Provan was born on September 14, 1944, in Vernon, Texas, to James W. Provan Sr. and Alice Louise Provan ( Furr) who shortly after his birth moved to Chicago, Illinois. At the age of 5, Provan contracted polio, which left him paralyzed below the neck. Provan was in Chicago Children's Memorial hospital from age 5 to age 10. He had a ground breaking surgery, performed by Dr. Charles Peas, that removed part of his ankle bone and infused it into his spine. His ankle bone was replaced with ivory. He then moved to Texas and graduated from Irving High School in Irving, Texas, he then attended Slippery Rock University of Pennsylvania where he received his BS of Political Science. He then attended the University of Texas School of Law and received his Doctorage of Jurisprudence degree.
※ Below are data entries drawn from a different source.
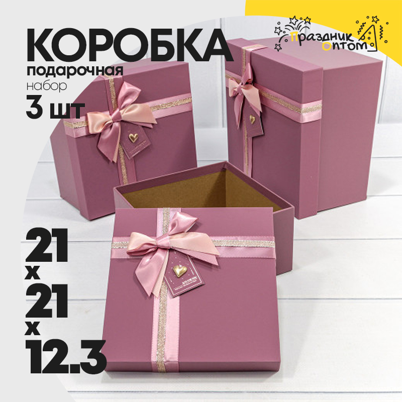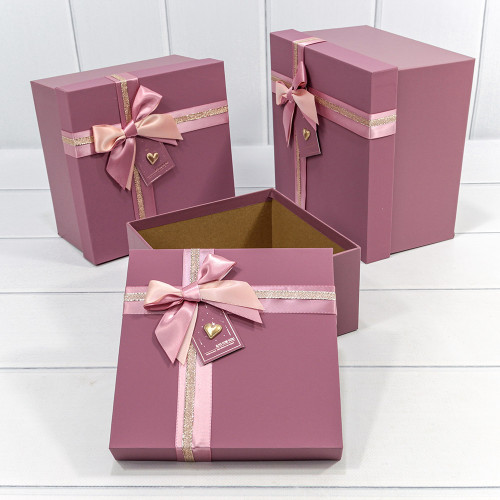 Коробка 21х21х12.3 см Набор 3 шт с двойным бантиком и сердечком (Лиловый)
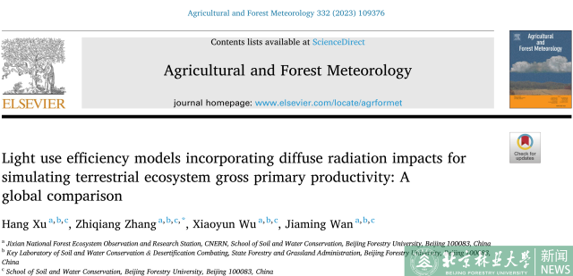 Recently, the prestigious journal in the field of agricultural and forestry science, Agricultural and Forest Meteorology, published an academic paper “Light use efficiency models incorporating diffuse radiation impacts for simulating terrestrial ecosystem gross primary productivity: A global comparison” online by Professor Zhiqiang Zhang's research team from the School of Soil and Water Conservation at Beijing Forestry university. Dr. Hang Xu, a young faculty from the School of Soil and Water Conservation, is the paper's first author, while Prof. Zhiqiang Zhang serves as the corresponding author.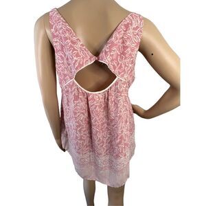 Anthropologie Maeve Pink and White Leaf Patterned Babydoll Tank Top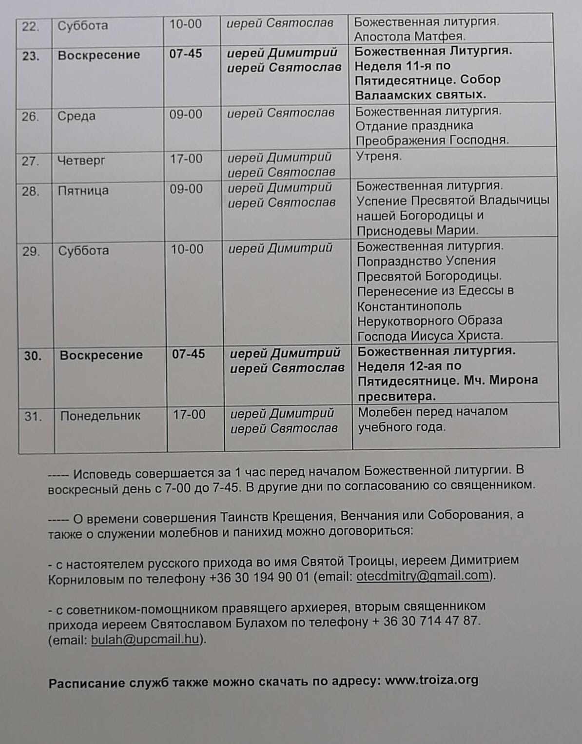 М А Й 2021 г. РАСПИСАНИЕ БОГОСЛУЖЕНИЙ РУССКИЙ ПРИХОД ВО ИМЯ СВЯТОЙ ТРОИЦЫ Г. БУДАПЕШТА Богослужения совершаются на церковно-славянском языке, по старому стилю в соборе Успения Пресвятой Богородицы г. Будапешта. Настоятель прихода иерей Димитрий Корнилов тел. +36 30 194 90 01. Еmail: otecdmitry@gmail.com 1. Великая Суббота 23-30 иерей Димитрий иерей Святослав Полунощница. Пасхальная заутреня (на ц-славянском, языке). ПАСХА. 2. Светлое Христово Воскресение 09-00 иерей Димитрий иерей Святослав Божественная Литургия на церковно-славянском языке. ПАСХА. Освящение артоса. 4. Вторник Светлой седмицы 17-00 иерей Димитрий Великая вечерня. 7. Пятница Светлой седмицы 09-00 иерей Святослав…
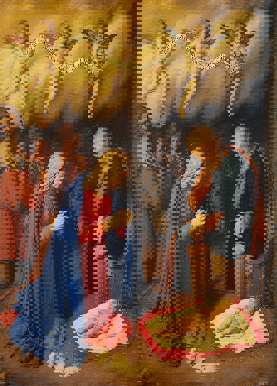 Leggi i suoi articoliDentro una luce dorata e con una piccola musica il nostro Natale 2025 lo festeggeremo al Museo di Capodimonte. Tre pastori sono inginocchiati in adorazione del Bambino. Uno porta un agnello sulle spalle a mo’ di zaino; l’altro modula il flauto (uno scugnizzo come quelli dipinti da Le Nain). L’ultimo, indietro a tutti, ha il bastone. A centro pagina sbuca il muso dell’asino inquadrato dalla cavezza (subito dietro il bue). In rosa, blu e bianco la Vergine prega sul Bambino; è in compagnia di Giuseppe, disorientato, come ripiegato. In alto un trio di angeli diversamente sgambettanti srotola le prime parole dell’inno alla nascita di Gesù.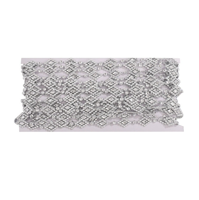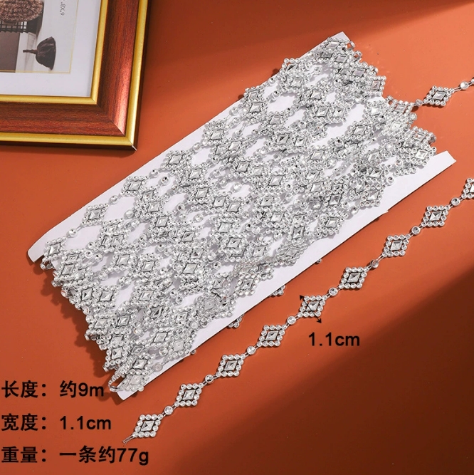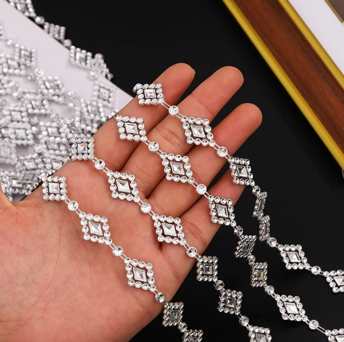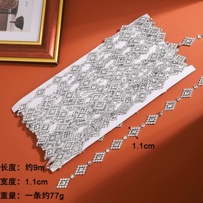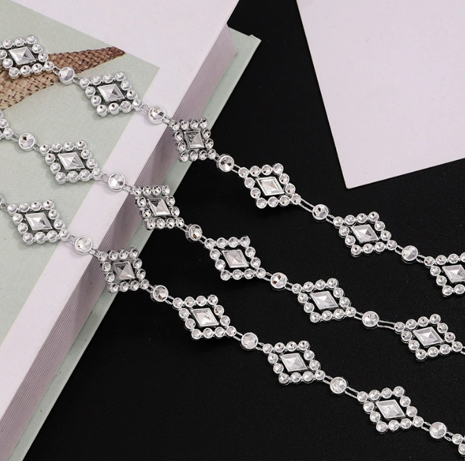 少数民族舞台服装辅料菱形凹钻珠链手工DIY银色塑料装饰9米长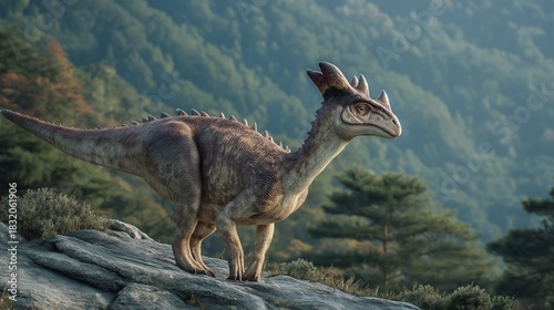 © vlntn, Obraz premium Dilophosaurus on Rocky Forested Ridge at Sunrise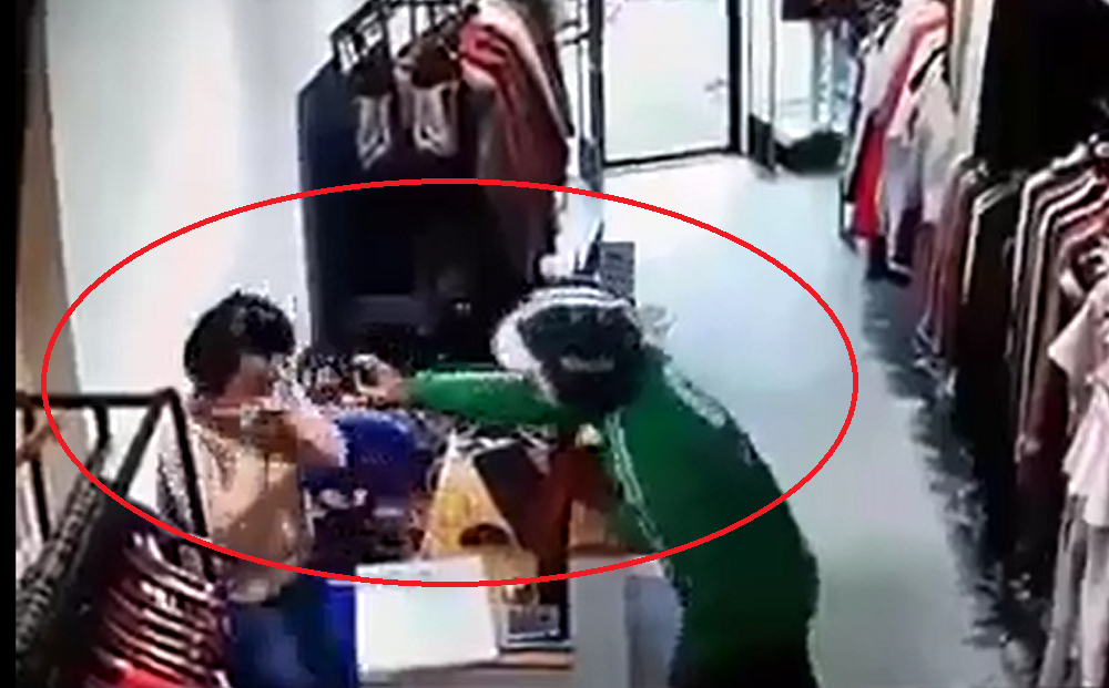 Một nam thanh niên mặc đồng phục có logo Grab, bịt kín mặt vào cửa hàng quần áo xịt thuốc mê nhân viên, sau đó cướp tài sản rồi bỏ trốn.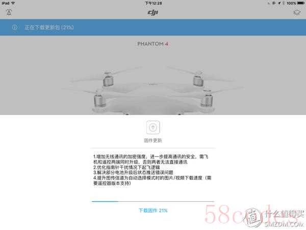 第一次使用就发现了固件更新,由于采用数据线连接,所以不用像P3S一样要在遥控和路由之间多次切换完成固件升级,直接点击升级就可以完成固件下载和遥控的固件升级,然后将手机与P4机身连接进行飞行器的固件升级。整个升级时间约半小时。
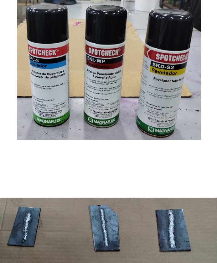 Relatório de Soldagem Para o início dos testes de líquidos penetrantes foi selecionado três corpos de prova, solicitei a três integrantes da equipe que fizessem um cordão de solda (superfície) cada com eletrodo revestido, foi utilizado os itens abaixo para o teste da marca MAGNAFLUX: a peça tem que estar em temperatura ambiente para o início dos testes, imagem dos corpos de prova que iremos utilizar para realizar o teste: Primeiro passo iremos usar o limpador para eliminar todas as impurezas das peças, conforme as instruções do produto (agitando o produto, e utilizar ele na vertical e com 25cm de distância da peça), após a utilização do produto esperar de 5 a 15 minutos até a secagem do produto, foto a seguir mostra as peças com a aplicação do limpador: Para o segundo passo iremos utilizar o líquido penetrante que tem uma coloração de vermelha para rosa, conforme as instruções do produto (aplicar o produto e esperar de 5 a 15 minutos após a aplicação do produto) a seguir a foto do produto com o penetrante aplicado: Para remover o excesso utilizaremos um borrifador de água e espera 10 minutos para começar o terceiro passo: Terceiro passo utilizaremos o revelador para ele contrastar com o penetrante que está em cavidades da solda assim revelando os lugares com falha: Para a peça número 1(da esquerda da foto), foi notado na figura 2 várias cavidades na solda e esse corpo de prova seria reprovado antes do início dos testes Na peça 2(do meio), foi notado que o corpo de prova está com o cordão muito fino fragilizando a união das peças e uma possível ruptura da solda através de esforço, mas com os testes finalizados podemos observar uns pontos na lateral tem algumas cavidades com exposição ao ar e facilitando assim a oxidação do material: Na peça 3, é a solda mais promissora e a única que seria submetida aos testes de líquido penetrante, após a conclusão é possível ver algumas falhas no cordão na parte inferior temos uma grande cavidade, e ao longo do cordão temos alguns estreitamentos: Conclusão Com base nos cordões de solda analisados todos eles estão reprovados no teste de qualidade, uns com uma alta deposição de material outro com um avanço muito rápido e uma baixa deposição de material, outro com falhas de estreitamento e por sopro elétrico na finalização do cordão.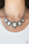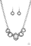 Featuring imperfect gunmetal frames, a collection of diamond, oval, and emerald-cut white rhinestones connect below the collar in a blinding fashion. Features an adjustable clasp closure.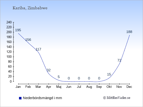 För att se hur vädret i Kariba skiljer sig från vädret hemma, kan du också jämföra siffrorna måned för måned med motsvarande siffror för Sverige under samma period här: Karibas klimat.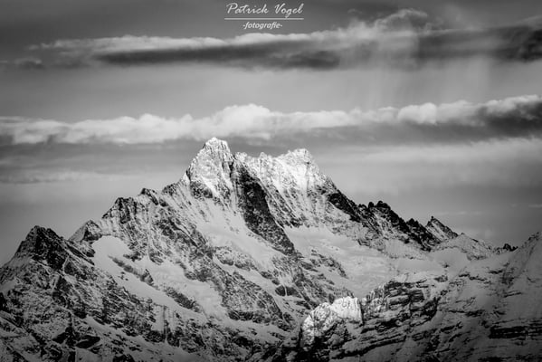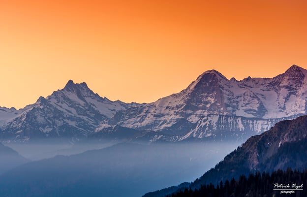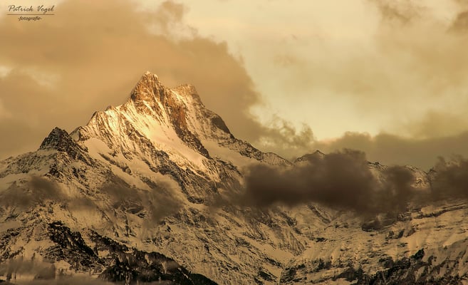 Schreckhorn 4078 m.ü.M und Finsteraarhorn 4274 m.ü.M, in den allerletzten Sonnenstrahlen des Tages!

On December 19, 1974, Provan was admitted to the State Bar of Texas.

== Career ==
He served as an assistant attorney general for the State of Texas. He also served as general counsel for Stephen F. Austin University. Provan started his own law firm, Provan & Associates, which was active until shortly before his death. Provan was an honorary speaker for the National Rights to Life Convention.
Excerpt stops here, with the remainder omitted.